Cummings Opening Statement Hearing on Benghazi
Below is Ranking Member Cummings’s opening statement, as prepared for delivery, for today’s Full Committee hearing on Benghazi.
Ranking Member Elijah E. Cummings
Hearing on “Benghazi: Exposing Failure and Recognizing Courage”
Mr. Hicks, I would like to start by expressing my gratitude for your service and my condolences for your loss. I can only imagine what you went through on the night of the attacks. If I had been in your place—hearing Ambassador Stevens’ voice on the phone and wanting to do everything possible to help him—I would have had the same questions you had: Where is the military? Where are the special forces? Where are the fighter jets to rescue my colleagues?
These are legitimate questions, and I wanted to know the answers myself. For example, last week there was a widely publicized news report that a team in Europe called the Commanders In-Extremis Force could have gotten to Benghazi before the second attack. When I heard this claim, I wrote to the Secretary of Defense. Yesterday, I received an official response. It says this press report was wrong. The team was too far away, and the logistical requirements were too great.

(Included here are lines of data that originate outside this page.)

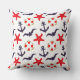 L'oreiller à lancer est montré dans une jolie marine et blanc multicolore avec une empreinte d'ancre. Customisez cet objet ou achetez tel quel.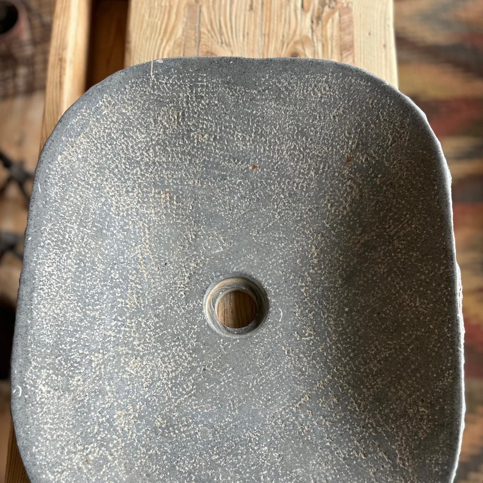 La pica "Cenia" es un tributo a la piedra en estado puro. Su superficie exterior mantiene la textura natural del bloque original, mientras que el interior, suavemente trabajado, respeta la forma orgánica del material. Su tono gris terroso, salpicado de matices más oscuros, aporta profundidad visual y una sensación de autenticidad difícil de imitar.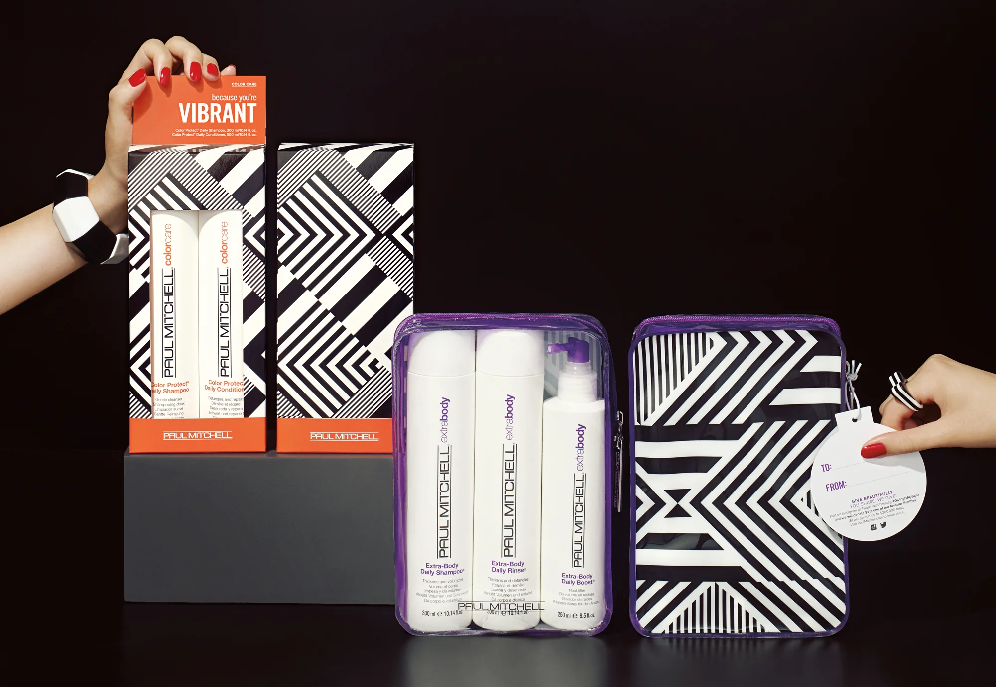 Paul Mitchell offers gift sets and limited editions for all of its brands each holiday season. As these are a major source of revenue for salons and retailers, unique structures and striking designs are a must.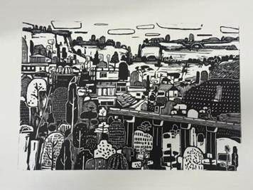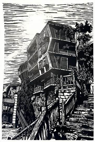 版画专业学生则利用版画语言的黑白对比与肌理效果,表现石板岩地貌的节理结构与村落建筑的几何形态,拓展了风景表达的形式边界,体现了美术系在艺术语言探索上的前沿性。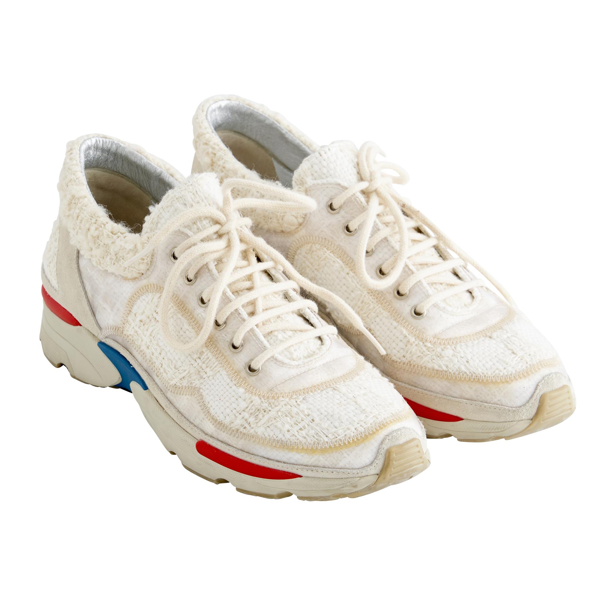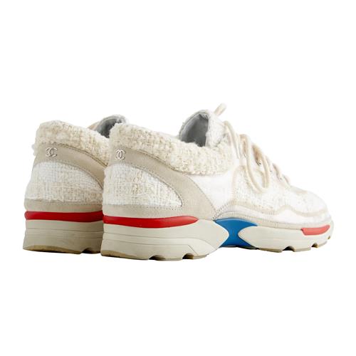 Styled in ivory tweed with tonal suede overlay and transparent PVC accents set on a tricolor rubber sole in red, white and blue, marked size 36.5

Others have suggested that F-16s stationed at Aviano Air Force Base in Italy could have gotten there in time. But according to General Martin Dempsey, the Chairman of the Joint Chiefs of Staff, who testified before the Senate in February, they could not. General Carter Ham, the former head of the U.S. Africa Command, agreed.
The fact is that our nation’s top military commanders have testified repeatedly that they did everything in their power to mobilize and deploy assets as soon as possible, and every independent and bipartisan review has confirmed this fact. We have the best military in the world, but even with all of their technological advances, they could not get there in time.
Mr. Hicks, I know these answers provide no comfort to you or the families of the victims, but this is the testimony Congress has received, and I have seen nothing to make me question the truthfulness of our nation’s military commanders.
Our Committee has a fundamental obligation to conduct responsible oversight, and that includes carefully examining the information that you and others provide. But we also have a duty to thoroughly investigate these claims before we make public accusations.
In contrast, what we have seen over the past two weeks is a full-scale media campaign that is not designed to investigate what happened in a responsible and bipartisan manner, but rather to launch unfounded accusations and to smear public officials.
Let me be clear: I am not questioning the motives of our witnesses. I am questioning the motives of those who want to use them for political purposes.
Chairman Issa has accused the Administration of intentionally withholding military assets—which could have helped save lives on the night of the attacks—for political reasons. Of all the irresponsible allegations leveled over the past two weeks, this is the most troubling. And based on what our military commanders have told us, this allegation is false.
Chairman Issa suggested that four military personnel were told to stay in Tripoli rather than board a plane for Benghazi at 6 a.m. the morning after the attacks, supposedly because of the Administration’s political desire not to have a military presence in Benghazi. There is no evidence to support this claim. As Mr. Hicks told the Committee, one plane had already left for Benghazi at 1:15 a.m. that night, and it included a seven-person security team with two military personnel. The decision the next morning to keep four military personnel in place in Tripoli was not made by the White House or the State Department, but by the military chain of command.
There are other allegations. Chairman Issa went on national television and accused Secretary Clinton of lying to Congress. He said she personally signed a State Department cable authorizing security reductions. We have now seen this cable, and she did not sign it. Her name is printed at the bottom just like tens of thousands of cables sent every year from the Department. The Washington Post Fact Checker called this accusation a “whopper” and gave it “Four Pinocchios.”
Chairman Issa attacked Ambassador Susan Rice for statements she made on the Sunday talk shows, claiming the Administration “deliberately misled” the American people. This claim has been directly contradicted by our nation’s top intelligence official, General James Clapper. He testified before the Senate that these attacks against Ms. Rice are “unfair” because “she was going on what we had given her, and that was our collective best judgment at the time.”
There have also been allegations that the Accountability Review Board led by Ambassador Thomas Pickering and Admiral Mike Mullen failed to examine the role of Ambassador Patrick Kennedy. This accusation is inaccurate, according to the Board.
Mr. Chairman, if this Committee is going to suggest that General Dempsey, General Ham, and General Clapper are involved in a conspiracy of withholding military assets and then covering it up, and if this Committee is going to accuse Ambassador Pickering and Admiral Mullen of failing to fully investigate these attacks, the least you could have done is invite these officials here today to answer these serious charges face-to-face.
I respect the witnesses who are here today to offer their testimony. But today’s hearing is not the full story. I hope we will eventually hear from our military, intelligence, and diplomatic officials. Then, I hope we can turn to the real work of this Committee, which is ensuring that the Department implements the recommendations to improve the security of our diplomatic officials serving overseas.